*** Provided entries
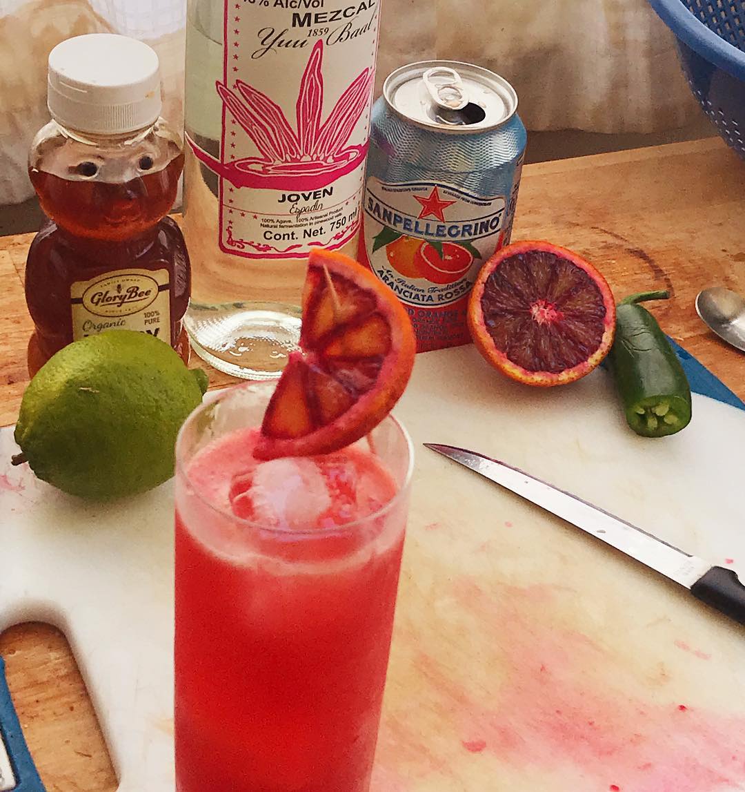The slight smoke from the mezcal works really well with fresh orange, honey, and bit of spice from the jalapeño while the soda topper lightens the drink and lends bubbles
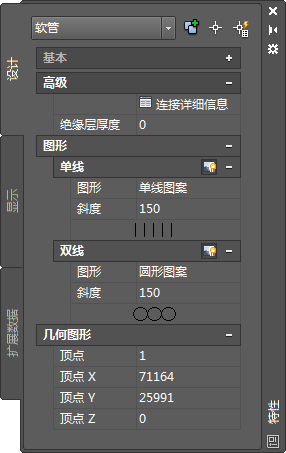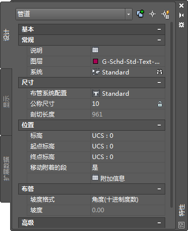 本部分在“特性”选项板的“设计”选项卡上定义用于修改管道系统的特性。“设计”选项卡分成二个部分:基本和高级。
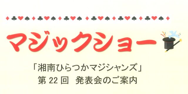 湘南平塚マジシャンズ 第22回発表会 ▼日時 3月7日(土) 13時開演 ▼場所 平塚市中央公民館 大ホール ...
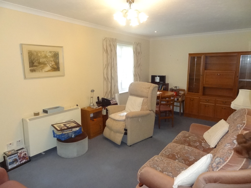 With side and rear aspect UPVC double glazed windows over looking the communal gardens. Space for sofa suite and a small dining table and chairs. Night storage heater, TV point etc.
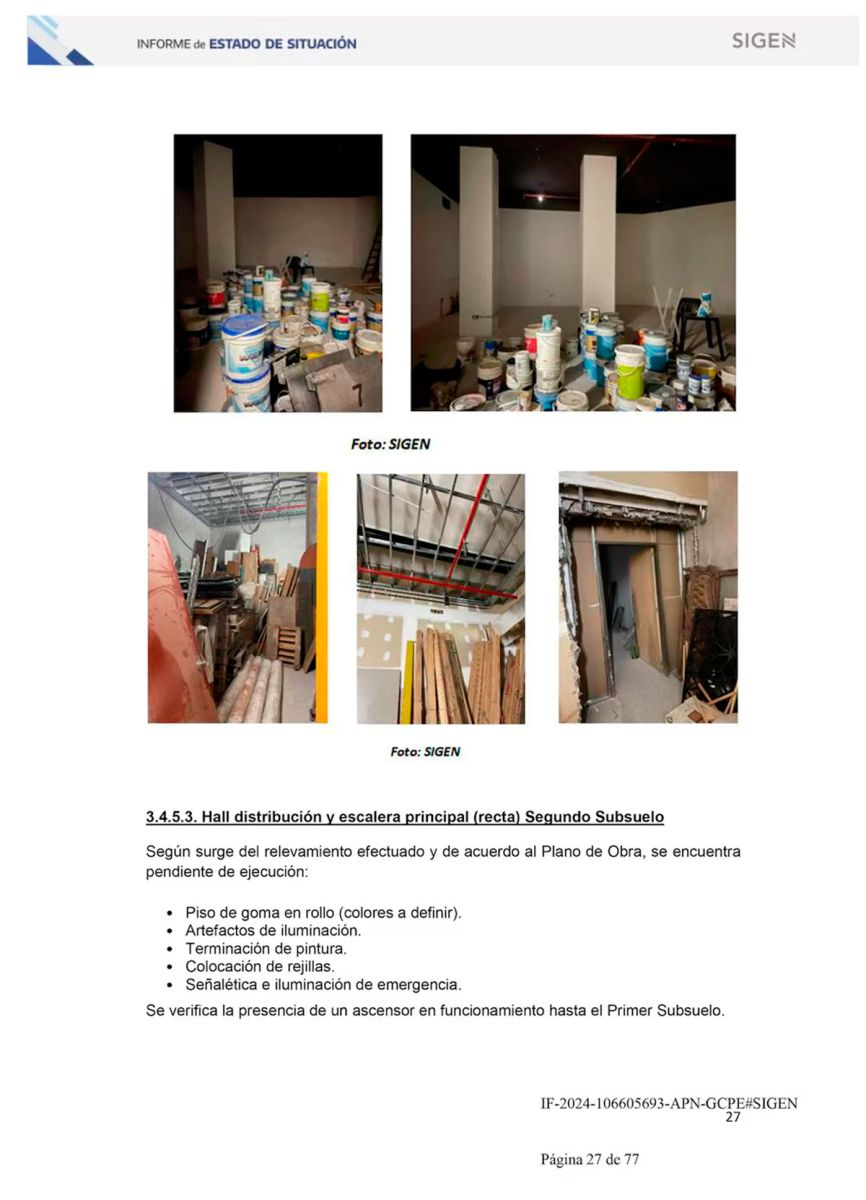En cuanto a las instalaciones eléctricas, el relevamiento identificó fallas graves, como tendidos fuera de normativa que podrían derivar en choques eléctricos o incendios. Además, algunos materiales de construcción, como cemento y pintura, se encuentran en estado de degradación debido al tiempo transcurrido desde el inicio de la obra, lo que pone en evidencia la falta de mantenimiento y planificación.
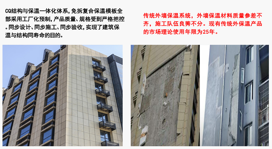 CQ免拆模板的出現打破了以往傳統建筑外墻保溫易脫落、開裂,防火保溫無法同步的問題,該模板通過實施節能結構一體化技術,實現了建筑保溫二次施工想同步施工的轉變,建筑材料防火向建筑結構防火的額轉變,建筑保溫全壽命周期向與墻體結構同壽命轉變,有效避免了外墻外保溫技術的工程質量和消防安全問題的發生,因此,全面加強建筑節能結構一體化技術的應用,讓外墻保溫方法改造升級是目前刻不容緩的!
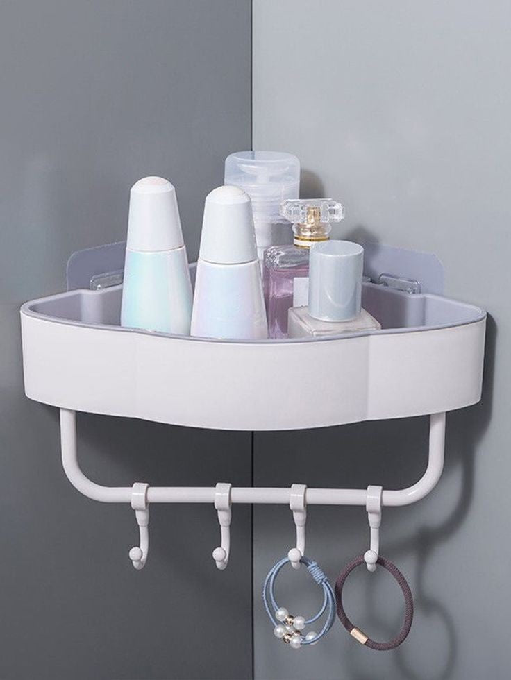 2. There are 4 hooks on the edges of the rack which can be used to hang towels, they can be folded and invisible when not in use.
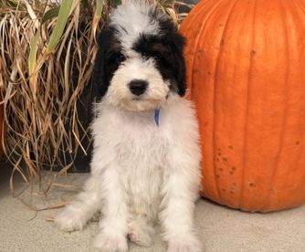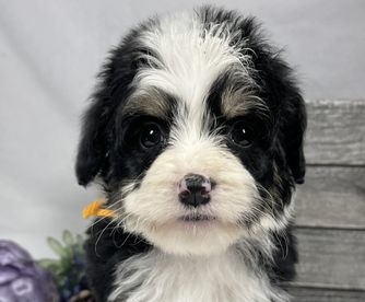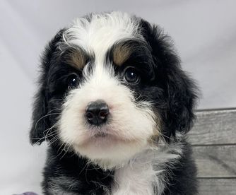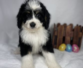 Bernedoodle puppies include sable, black and white, tri-color, and phantom. Goldendoodle puppies include cream, apricot, and red. Colors will vary depending on the parent dogs.
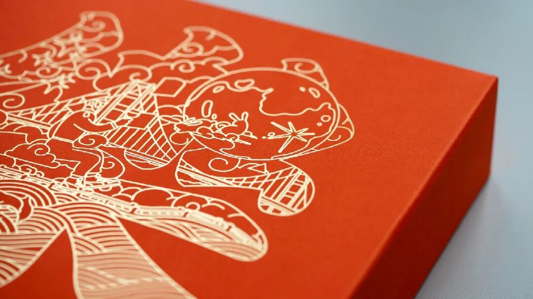 礼盒以石青为底,以金线勾勒
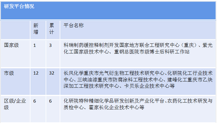 集團(tuán)企業(yè)擁有國家技術(shù)創(chuàng)新示范企業(yè)1個,為重慶紫光化工股份有限公司;國家高新級技術(shù)企業(yè)13個,其中醫(yī)藥板塊包括科瑞制藥、和平制藥等4個,化工板塊包括弛源化工、三峽油漆、化工研究院等9個。
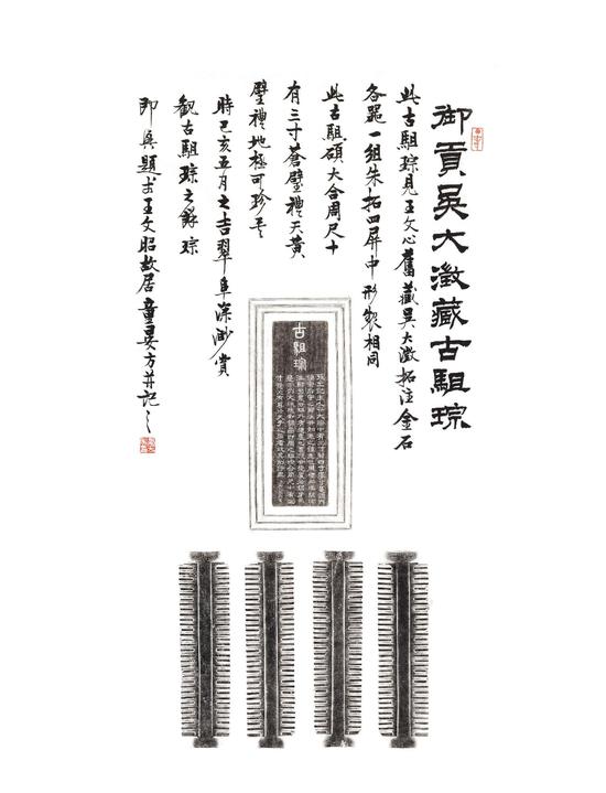 关于吴大澂获得此琮的时间,不出意外的话,应该介于编印《古玉图考》的光绪十五年(1889),结束丁忧入京候选的光绪十八年(1892)之间。而笔者更倾向于光绪十八年,殆光绪十六年(1890)至十八年(1892)三年,吴大澂因母亲去世,丁忧在家,以书画遣兴,尽管有徐翰卿为之搜罗古物,但所得似并不多。其古玉之搜藏,主要来源是京师的古董店。巧合的是,王文心旧藏《吴大澂拓注金石各器屏》朱拓四条屏中,古组琮所在的一条,其上方的“古玉玺”拓本吴大澂在题跋最后用了“愙斋所作时年五十有八”朱文方印,证明这一套朱拓四条屏制作的时间为光绪十八年(1892)年,至少其获得此琮的时间必不可能晚于该年。
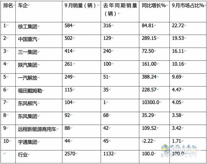 9月新能源自卸車:“金九”旺銷2570輛創(chuàng)史上新高!徐工\\重汽爭冠,東風柳汽領漲
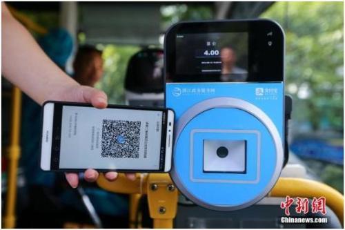 2016年8月16日,杭州民眾刷支付寶乘坐公交車(chē)。中新社發(fā) 許康平 攝
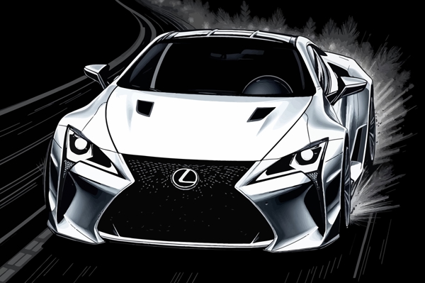 "The Lexus LFA, gleaming in metallic silver, roars around the circuit with breathtaking speed. Its sleek silhouette cuts through the smoky atmosphere, leaving a trail of adrenaline and excitement in its wake. Engine growls resonate, merging with the haze, creating an electrifying symphony of power."
******
◆ Exercise:
All records, pictures excluded: copy them exactly.

◆ Answer for this exercise:
The slight smoke from the mezcal works really well with fresh orange, honey, and bit of spice from the jalapeño while the soda topper lightens the drink and lends bubbles
 本部分在“特性”选项板的“设计”选项卡上定义用于修改管道系统的特性。“设计”选项卡分成二个部分:基本和高级。
 湘南平塚マジシャンズ 第22回発表会 ▼日時 3月7日(土) 13時開演 ▼場所 平塚市中央公民館 大ホール ...
 With side and rear aspect UPVC double glazed windows over looking the communal gardens. Space for sofa suite and a small dining table and chairs. Night storage heater, TV point etc.
En cuanto a las instalaciones eléctricas, el relevamiento identificó fallas graves, como tendidos fuera de normativa que podrían derivar en choques eléctricos o incendios. Además, algunos materiales de construcción, como cemento y pintura, se encuentran en estado de degradación debido al tiempo transcurrido desde el inicio de la obra, lo que pone en evidencia la falta de mantenimiento y planificación.
 CQ免拆模板的出現打破了以往傳統建筑外墻保溫易脫落、開裂,防火保溫無法同步的問題,該模板通過實施節能結構一體化技術,實現了建筑保溫二次施工想同步施工的轉變,建筑材料防火向建筑結構防火的額轉變,建筑保溫全壽命周期向與墻體結構同壽命轉變,有效避免了外墻外保溫技術的工程質量和消防安全問題的發生,因此,全面加強建筑節能結構一體化技術的應用,讓外墻保溫方法改造升級是目前刻不容緩的!
 2. There are 4 hooks on the edges of the rack which can be used to hang towels, they can be folded and invisible when not in use.
 Bernedoodle puppies include sable, black and white, tri-color, and phantom. Goldendoodle puppies include cream, apricot, and red. Colors will vary depending on the parent dogs.
 礼盒以石青为底,以金线勾勒
 集團(tuán)企業(yè)擁有國家技術(shù)創(chuàng)新示范企業(yè)1個,為重慶紫光化工股份有限公司;國家高新級技術(shù)企業(yè)13個,其中醫(yī)藥板塊包括科瑞制藥、和平制藥等4個,化工板塊包括弛源化工、三峽油漆、化工研究院等9個。
 关于吴大澂获得此琮的时间,不出意外的话,应该介于编印《古玉图考》的光绪十五年(1889),结束丁忧入京候选的光绪十八年(1892)之间。而笔者更倾向于光绪十八年,殆光绪十六年(1890)至十八年(1892)三年,吴大澂因母亲去世,丁忧在家,以书画遣兴,尽管有徐翰卿为之搜罗古物,但所得似并不多。其古玉之搜藏,主要来源是京师的古董店。巧合的是,王文心旧藏《吴大澂拓注金石各器屏》朱拓四条屏中,古组琮所在的一条,其上方的“古玉玺”拓本吴大澂在题跋最后用了“愙斋所作时年五十有八”朱文方印,证明这一套朱拓四条屏制作的时间为光绪十八年(1892)年,至少其获得此琮的时间必不可能晚于该年。
 9月新能源自卸車:“金九”旺銷2570輛創(chuàng)史上新高!徐工\\重汽爭冠,東風柳汽領漲
 2016年8月16日,杭州民眾刷支付寶乘坐公交車(chē)。中新社發(fā) 許康平 攝
 "The Lexus LFA, gleaming in metallic silver, roars around the circuit with breathtaking speed. Its sleek silhouette cuts through the smoky atmosphere, leaving a trail of adrenaline and excitement in its wake. Engine growls resonate, merging with the haze, creating an electrifying symphony of power."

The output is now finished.